**EXERCISE REQUIREMENTS**
Nothing but the lines from the top of the following entries through the line with "Luxehotel Riva beschikt" should be printed, exactly as they are.

(Records from a dataset)
----------

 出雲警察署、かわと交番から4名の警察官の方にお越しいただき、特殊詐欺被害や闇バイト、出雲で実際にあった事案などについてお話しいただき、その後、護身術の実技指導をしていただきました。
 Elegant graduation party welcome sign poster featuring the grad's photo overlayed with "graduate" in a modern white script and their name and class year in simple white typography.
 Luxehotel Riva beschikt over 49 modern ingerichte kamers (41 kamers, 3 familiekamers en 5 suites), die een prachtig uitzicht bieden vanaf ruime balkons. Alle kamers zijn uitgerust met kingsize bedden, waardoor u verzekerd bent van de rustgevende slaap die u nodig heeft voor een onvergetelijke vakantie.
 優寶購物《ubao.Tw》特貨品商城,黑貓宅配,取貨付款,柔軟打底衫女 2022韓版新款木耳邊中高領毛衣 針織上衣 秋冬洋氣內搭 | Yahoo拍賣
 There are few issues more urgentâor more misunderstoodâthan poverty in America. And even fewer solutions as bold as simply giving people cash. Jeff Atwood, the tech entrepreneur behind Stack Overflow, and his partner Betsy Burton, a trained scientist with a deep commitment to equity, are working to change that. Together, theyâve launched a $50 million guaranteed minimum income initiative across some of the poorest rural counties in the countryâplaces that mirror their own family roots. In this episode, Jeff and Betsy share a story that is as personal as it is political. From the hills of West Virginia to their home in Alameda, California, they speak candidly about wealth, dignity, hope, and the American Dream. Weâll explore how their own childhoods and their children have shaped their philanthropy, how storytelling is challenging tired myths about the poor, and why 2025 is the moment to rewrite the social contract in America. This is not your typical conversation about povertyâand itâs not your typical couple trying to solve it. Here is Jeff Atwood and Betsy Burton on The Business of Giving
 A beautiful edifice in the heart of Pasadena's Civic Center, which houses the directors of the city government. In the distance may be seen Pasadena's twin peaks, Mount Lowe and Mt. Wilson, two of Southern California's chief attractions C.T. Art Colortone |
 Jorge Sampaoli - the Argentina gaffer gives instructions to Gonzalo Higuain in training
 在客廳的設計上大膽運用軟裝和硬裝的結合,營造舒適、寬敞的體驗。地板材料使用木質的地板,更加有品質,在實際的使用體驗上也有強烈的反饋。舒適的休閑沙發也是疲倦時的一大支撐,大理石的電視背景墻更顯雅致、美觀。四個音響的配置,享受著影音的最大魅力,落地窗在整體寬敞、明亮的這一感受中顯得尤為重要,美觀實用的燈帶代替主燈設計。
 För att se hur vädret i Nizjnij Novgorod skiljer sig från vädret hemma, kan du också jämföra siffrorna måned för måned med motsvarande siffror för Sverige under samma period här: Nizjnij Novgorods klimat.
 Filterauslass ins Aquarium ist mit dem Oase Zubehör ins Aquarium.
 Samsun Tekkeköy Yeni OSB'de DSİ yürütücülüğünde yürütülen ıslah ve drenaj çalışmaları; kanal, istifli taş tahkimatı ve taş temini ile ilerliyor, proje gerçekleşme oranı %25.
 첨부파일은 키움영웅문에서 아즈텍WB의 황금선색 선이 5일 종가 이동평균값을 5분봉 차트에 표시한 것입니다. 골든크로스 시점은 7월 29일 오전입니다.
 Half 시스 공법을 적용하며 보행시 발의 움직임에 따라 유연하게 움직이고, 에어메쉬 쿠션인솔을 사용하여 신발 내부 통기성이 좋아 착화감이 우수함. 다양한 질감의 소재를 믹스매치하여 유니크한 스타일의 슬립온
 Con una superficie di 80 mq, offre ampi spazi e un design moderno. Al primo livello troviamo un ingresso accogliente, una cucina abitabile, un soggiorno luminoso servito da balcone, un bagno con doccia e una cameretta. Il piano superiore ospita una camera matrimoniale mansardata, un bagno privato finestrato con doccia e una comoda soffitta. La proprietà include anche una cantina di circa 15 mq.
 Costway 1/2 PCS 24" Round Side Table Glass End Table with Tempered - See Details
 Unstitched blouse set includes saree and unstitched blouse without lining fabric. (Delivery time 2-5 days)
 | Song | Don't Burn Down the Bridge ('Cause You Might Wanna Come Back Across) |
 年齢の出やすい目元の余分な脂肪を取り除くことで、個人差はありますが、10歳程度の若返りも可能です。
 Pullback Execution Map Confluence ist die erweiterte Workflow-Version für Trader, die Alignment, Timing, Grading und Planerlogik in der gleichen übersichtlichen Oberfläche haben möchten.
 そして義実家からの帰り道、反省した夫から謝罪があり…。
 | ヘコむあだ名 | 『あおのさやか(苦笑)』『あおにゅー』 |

----------

**FINISHED TASK**
 出雲警察署、かわと交番から4名の警察官の方にお越しいただき、特殊詐欺被害や闇バイト、出雲で実際にあった事案などについてお話しいただき、その後、護身術の実技指導をしていただきました。
 Elegant graduation party welcome sign poster featuring the grad's photo overlayed with "graduate" in a modern white script and their name and class year in simple white typography.
 Luxehotel Riva beschikt over 49 modern ingerichte kamers (41 kamers, 3 familiekamers en 5 suites), die een prachtig uitzicht bieden vanaf ruime balkons. Alle kamers zijn uitgerust met kingsize bedden, waardoor u verzekerd bent van de rustgevende slaap die u nodig heeft voor een onvergetelijke vakantie.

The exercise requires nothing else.